## WHAT YOU NEED TO DO
When you reach the line in the listing below that contains "主要搭載Intel I3-14100處理器、12CM 四導管(雙風)塔扇、16GB記憶體、480GB", begin returning lines exactly as written, and stop after the line that contains "plt.plot(x, f_x, 'o-', color=(0.153, 0.733, 0.780))". Return no other lines.

━━━ STUDY MATERIAL ━━━

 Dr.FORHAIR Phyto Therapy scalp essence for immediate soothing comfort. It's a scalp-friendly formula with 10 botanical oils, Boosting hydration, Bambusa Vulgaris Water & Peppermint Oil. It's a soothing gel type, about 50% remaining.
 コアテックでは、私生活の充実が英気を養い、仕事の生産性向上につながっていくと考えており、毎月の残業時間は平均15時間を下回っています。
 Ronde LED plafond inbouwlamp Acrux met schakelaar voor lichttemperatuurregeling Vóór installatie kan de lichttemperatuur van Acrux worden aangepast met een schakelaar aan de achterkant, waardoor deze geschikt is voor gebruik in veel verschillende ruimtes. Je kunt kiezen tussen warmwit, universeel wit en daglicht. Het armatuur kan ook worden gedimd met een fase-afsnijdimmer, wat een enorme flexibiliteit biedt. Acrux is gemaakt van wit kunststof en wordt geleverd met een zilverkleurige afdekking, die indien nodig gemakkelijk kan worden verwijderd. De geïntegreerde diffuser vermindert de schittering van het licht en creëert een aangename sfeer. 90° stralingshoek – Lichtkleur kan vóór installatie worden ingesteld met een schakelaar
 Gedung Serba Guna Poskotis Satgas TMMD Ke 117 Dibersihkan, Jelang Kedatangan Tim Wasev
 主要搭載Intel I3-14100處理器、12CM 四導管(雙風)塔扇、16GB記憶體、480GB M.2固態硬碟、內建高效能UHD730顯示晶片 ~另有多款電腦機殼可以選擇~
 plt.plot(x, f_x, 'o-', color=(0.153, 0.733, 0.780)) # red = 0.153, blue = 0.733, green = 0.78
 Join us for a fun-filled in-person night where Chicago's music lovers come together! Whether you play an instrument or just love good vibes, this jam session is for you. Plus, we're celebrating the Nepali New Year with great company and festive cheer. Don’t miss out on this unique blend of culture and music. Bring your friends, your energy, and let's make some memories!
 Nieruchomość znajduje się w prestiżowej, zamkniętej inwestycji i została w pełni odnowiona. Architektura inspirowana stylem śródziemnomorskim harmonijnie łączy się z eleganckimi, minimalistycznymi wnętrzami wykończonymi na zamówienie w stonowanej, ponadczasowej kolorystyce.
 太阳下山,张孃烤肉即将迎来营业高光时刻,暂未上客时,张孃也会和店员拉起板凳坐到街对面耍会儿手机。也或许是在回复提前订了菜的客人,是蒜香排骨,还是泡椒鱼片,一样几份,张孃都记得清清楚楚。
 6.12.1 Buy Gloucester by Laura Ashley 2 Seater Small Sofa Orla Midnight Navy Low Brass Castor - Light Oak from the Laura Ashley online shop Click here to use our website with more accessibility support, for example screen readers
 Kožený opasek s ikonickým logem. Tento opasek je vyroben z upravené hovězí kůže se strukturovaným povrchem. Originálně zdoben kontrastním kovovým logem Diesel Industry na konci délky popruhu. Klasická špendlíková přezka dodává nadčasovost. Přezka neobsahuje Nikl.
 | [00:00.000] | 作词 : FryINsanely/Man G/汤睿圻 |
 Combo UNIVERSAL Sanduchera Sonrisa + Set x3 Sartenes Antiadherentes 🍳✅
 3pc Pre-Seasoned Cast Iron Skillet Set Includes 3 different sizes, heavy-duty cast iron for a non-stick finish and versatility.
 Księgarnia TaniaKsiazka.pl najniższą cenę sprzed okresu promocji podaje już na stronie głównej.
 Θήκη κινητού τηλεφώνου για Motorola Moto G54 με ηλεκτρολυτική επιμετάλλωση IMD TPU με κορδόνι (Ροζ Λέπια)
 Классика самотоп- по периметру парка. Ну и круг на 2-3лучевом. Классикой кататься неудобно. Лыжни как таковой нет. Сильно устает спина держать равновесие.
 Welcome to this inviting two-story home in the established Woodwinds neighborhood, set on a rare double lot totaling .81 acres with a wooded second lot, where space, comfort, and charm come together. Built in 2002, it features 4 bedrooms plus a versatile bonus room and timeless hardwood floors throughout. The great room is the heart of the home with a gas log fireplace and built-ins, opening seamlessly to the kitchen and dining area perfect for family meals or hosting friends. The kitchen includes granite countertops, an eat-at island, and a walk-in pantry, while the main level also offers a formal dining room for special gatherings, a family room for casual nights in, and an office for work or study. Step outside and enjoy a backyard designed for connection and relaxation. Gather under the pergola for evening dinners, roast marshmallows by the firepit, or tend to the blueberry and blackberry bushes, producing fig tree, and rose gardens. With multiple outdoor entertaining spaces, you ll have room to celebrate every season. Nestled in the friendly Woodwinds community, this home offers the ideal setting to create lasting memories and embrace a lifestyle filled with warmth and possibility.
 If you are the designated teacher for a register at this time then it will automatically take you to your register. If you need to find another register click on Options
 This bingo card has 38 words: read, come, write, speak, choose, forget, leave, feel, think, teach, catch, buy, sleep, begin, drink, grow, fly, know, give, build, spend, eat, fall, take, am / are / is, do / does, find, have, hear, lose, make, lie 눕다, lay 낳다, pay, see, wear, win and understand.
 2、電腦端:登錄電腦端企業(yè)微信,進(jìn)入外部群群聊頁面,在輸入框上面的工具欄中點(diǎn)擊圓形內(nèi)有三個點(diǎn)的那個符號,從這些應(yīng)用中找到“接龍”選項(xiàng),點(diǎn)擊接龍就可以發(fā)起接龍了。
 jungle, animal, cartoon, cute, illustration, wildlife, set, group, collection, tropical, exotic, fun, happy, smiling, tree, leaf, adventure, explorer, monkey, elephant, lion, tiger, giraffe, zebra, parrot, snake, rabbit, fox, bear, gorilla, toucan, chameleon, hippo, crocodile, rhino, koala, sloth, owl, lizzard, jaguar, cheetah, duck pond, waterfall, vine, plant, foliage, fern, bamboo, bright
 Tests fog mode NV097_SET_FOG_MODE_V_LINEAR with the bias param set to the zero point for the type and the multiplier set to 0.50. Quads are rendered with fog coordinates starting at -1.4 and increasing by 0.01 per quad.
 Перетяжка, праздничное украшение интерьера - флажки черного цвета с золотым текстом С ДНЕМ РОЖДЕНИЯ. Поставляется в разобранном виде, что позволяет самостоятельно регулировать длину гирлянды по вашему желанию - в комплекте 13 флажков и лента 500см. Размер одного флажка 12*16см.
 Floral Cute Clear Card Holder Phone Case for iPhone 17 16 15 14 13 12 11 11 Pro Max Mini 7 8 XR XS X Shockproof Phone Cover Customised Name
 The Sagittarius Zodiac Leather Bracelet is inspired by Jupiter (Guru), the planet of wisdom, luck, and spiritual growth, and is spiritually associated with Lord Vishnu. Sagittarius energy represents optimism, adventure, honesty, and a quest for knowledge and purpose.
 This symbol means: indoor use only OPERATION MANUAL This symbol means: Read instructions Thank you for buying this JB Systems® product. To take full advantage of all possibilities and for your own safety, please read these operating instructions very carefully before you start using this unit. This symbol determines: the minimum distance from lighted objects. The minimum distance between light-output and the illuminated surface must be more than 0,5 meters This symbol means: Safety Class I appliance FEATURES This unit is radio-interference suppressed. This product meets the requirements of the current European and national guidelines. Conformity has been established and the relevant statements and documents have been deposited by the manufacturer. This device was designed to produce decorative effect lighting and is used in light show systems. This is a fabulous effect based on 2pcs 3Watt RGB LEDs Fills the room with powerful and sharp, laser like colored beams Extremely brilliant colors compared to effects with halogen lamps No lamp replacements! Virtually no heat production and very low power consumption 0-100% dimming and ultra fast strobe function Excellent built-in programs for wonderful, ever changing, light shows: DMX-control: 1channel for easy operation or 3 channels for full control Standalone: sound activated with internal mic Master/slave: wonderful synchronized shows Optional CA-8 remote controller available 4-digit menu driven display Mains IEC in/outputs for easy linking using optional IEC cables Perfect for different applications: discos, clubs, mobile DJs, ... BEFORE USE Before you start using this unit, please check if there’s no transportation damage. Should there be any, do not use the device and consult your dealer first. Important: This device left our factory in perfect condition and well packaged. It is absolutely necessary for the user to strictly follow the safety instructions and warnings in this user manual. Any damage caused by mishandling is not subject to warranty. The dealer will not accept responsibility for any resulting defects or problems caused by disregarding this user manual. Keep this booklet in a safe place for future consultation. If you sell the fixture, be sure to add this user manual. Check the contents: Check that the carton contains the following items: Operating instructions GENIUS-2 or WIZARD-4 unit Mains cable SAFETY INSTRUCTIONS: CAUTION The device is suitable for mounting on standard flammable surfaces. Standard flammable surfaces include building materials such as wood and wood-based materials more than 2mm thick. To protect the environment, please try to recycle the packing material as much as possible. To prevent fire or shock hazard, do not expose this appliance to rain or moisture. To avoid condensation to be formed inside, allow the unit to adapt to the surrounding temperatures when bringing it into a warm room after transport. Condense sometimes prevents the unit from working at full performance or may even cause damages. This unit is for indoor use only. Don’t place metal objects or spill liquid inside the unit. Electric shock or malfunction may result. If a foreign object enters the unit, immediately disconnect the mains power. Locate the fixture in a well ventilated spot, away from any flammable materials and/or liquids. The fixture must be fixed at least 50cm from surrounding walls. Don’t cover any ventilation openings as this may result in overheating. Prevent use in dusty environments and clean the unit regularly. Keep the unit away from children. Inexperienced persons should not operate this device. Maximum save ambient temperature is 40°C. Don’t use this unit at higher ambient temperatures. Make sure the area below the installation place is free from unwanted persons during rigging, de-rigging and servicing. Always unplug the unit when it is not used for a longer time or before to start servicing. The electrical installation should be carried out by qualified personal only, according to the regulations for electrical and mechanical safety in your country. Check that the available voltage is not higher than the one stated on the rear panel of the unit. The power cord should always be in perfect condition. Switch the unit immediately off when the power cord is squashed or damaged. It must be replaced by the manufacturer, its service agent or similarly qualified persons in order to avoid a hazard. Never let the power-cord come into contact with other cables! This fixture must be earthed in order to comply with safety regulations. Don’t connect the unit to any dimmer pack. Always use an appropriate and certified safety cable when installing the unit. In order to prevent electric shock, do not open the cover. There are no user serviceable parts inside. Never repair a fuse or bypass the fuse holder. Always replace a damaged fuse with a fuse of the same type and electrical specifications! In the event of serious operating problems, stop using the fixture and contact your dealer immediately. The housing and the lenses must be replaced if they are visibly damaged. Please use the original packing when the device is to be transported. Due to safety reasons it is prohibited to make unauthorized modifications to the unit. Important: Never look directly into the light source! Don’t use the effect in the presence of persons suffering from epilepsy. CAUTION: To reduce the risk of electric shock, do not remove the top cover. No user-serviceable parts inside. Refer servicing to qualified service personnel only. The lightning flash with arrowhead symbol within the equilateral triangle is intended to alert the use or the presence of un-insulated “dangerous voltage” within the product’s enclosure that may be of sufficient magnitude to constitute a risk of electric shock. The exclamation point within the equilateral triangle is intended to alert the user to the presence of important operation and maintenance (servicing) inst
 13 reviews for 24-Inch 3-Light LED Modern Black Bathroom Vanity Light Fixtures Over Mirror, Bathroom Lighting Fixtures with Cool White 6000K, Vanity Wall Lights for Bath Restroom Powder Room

━━━

## RESPONSE
 主要搭載Intel I3-14100處理器、12CM 四導管(雙風)塔扇、16GB記憶體、480GB M.2固態硬碟、內建高效能UHD730顯示晶片 ~另有多款電腦機殼可以選擇~
 plt.plot(x, f_x, 'o-', color=(0.153, 0.733, 0.780)) # red = 0.153, blue = 0.733, green = 0.78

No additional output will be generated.